星華の髪に揺れる匂いを、風とのすれちがいざまに嗅いでいると、雑談のうちに部屋に到着していた。
「え、こんな近いの」
「ん、星華の部屋は遠い?」
「近くだけど。こんなの、近いってよりまだこの界隈じゃん」
僕は笑いながら、きしめきを抑えて階段をのぼり、電球がひっそり寒い廊下を抜けて鍵を取り出す。部屋からはちゃんと明かりがもれていて、落ち着いてるんだ、とほっと胸の黒いものをほどく。
紡麦を初めて連れてきたとき同様、勘に頼っただけだから、千歳の負担にならない決め手はなかった。来る途中に星華にそのへんは断り、「もしダメだったらもう呼べないけど」と謝りもした。「ほんとに大事なんだね」と星華は僕と千歳を多少理解した様子で咲い、首肯はよこしてくれた。
「ただいま」
ドアを押して顔を出すと、ふっと暖まった空気においしそうな匂いがした。「おかえり」とテレビの前から立ち上がった千歳が駆けよってくる。

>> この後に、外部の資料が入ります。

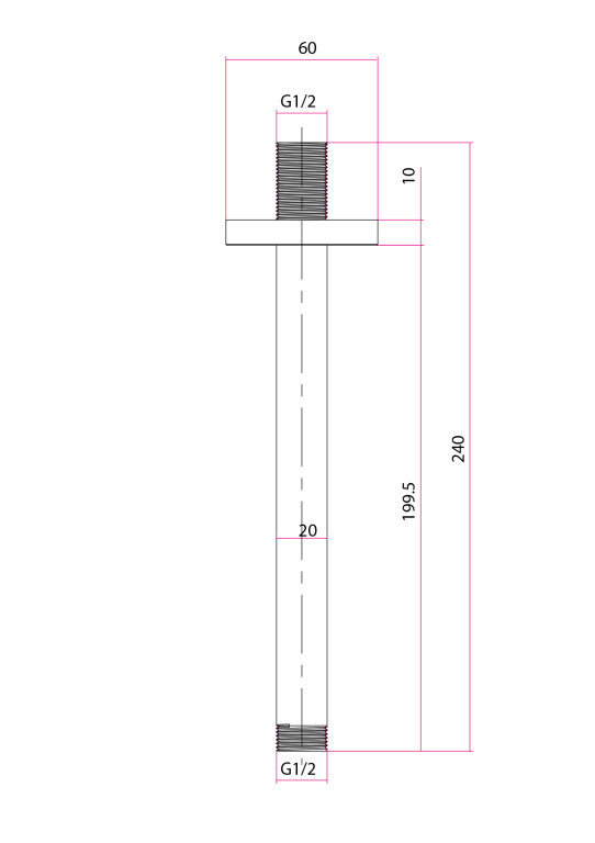 200mm Matt Black Round Ceiling Mounted Shower Arm

今日の夕方、今日は大丈夫だなと思って出かけた通り、冷水で溺れたように蒼ざめた頬も、くっきり浮かんでいた隈も薄れていた。僕にくれる微笑も陰りなく穏やかで、その優しい光は僕にも柔らかな気持ちをくれる。
千歳はすぐ僕の背後の星華のすがたに気づき、ほんの一瞬、“他人”への嫌悪が混じった怯えをよぎらせても、すぐ思いがけない客への驚きに移る。
「誰?」
「僕の友達。いいかな」
「もちろん。希月の部屋なんだし」
その言葉の含むところに僕は曖昧に咲い、「大丈夫だと思ったから」と千歳の瞳を見つめる。僕の瞳を受けた千歳は、一度瞳を伏せてから、「うん」と僕を信じることにして微笑んでくれる。

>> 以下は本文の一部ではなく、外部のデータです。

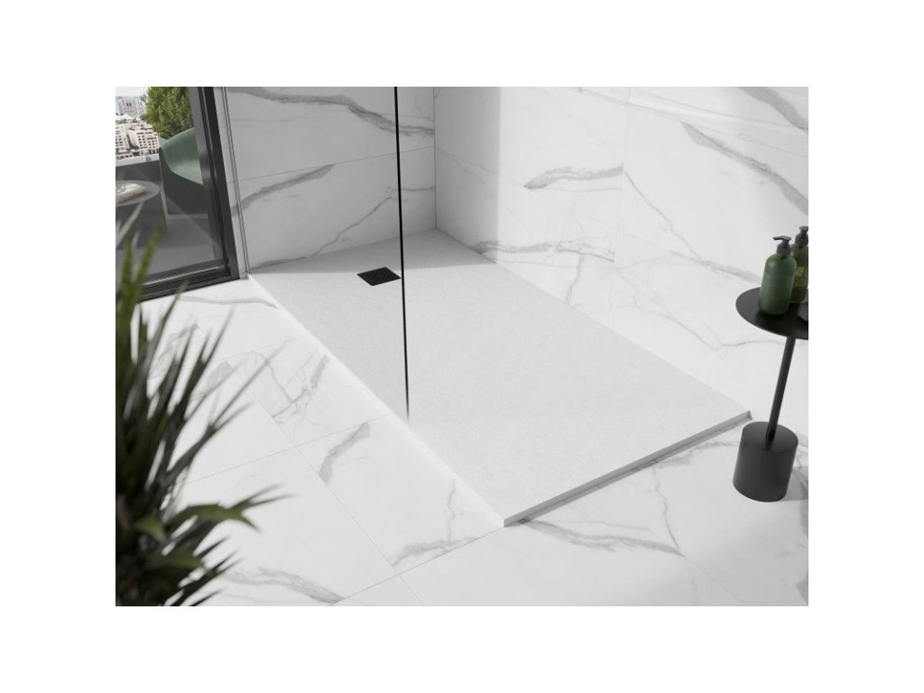 Mexen Stone+ je moderná kompozitná sprchová vanička s rozmermi 180 x 70 cm v elegantnej bielej farbe s čiernym rámom. Vďaka minerálnemu materiálu sa vyznačuje vysokou trvanlivosťou a odolnosťou proti nárazom, čo zaručuje maximálnu stabilitu a životnosť. Jej ultratenký dizajn (výška len 2,5 cm) dokonale zapadne do moderných kúpeľní. Inštalácia je možná do podlahy aj na podlahu a dodáva sa so sifónom s horným čistením a odtokom s priemerom 90 mm.Dodatočné parametre

「ほら」と僕は振り向いて星華に玄関をしめした。彼女はいつのまにか、焦れったい教師のようにこまねき、冷気を流しこむ半開きのドアにもたれていた。千歳に上目を使った星華は、続いて僕に目を移した。
「あたし、邪魔でしょ」
「え、何で。別に」
「あたしも、そう鈍感じゃないのよね。──ほんとに、いいの?」
星華は千歳に目を向け、その遠慮がちな瞳に千歳はきょとんとする。そして頬と瞳をストーブに当てたようにやわらげると、「どうぞ」と室内に一歩引いた。
それでも星華は引っかかる様子でも、僕に続いて赤紫のスニーカーを脱いだ。「鍵締めて」と僕に言われ、アクアブルーの指先が鍵をかける。千歳は先に部屋に駆け戻って、アニメが映ったテレビを消すと、僕にはにかみわらった。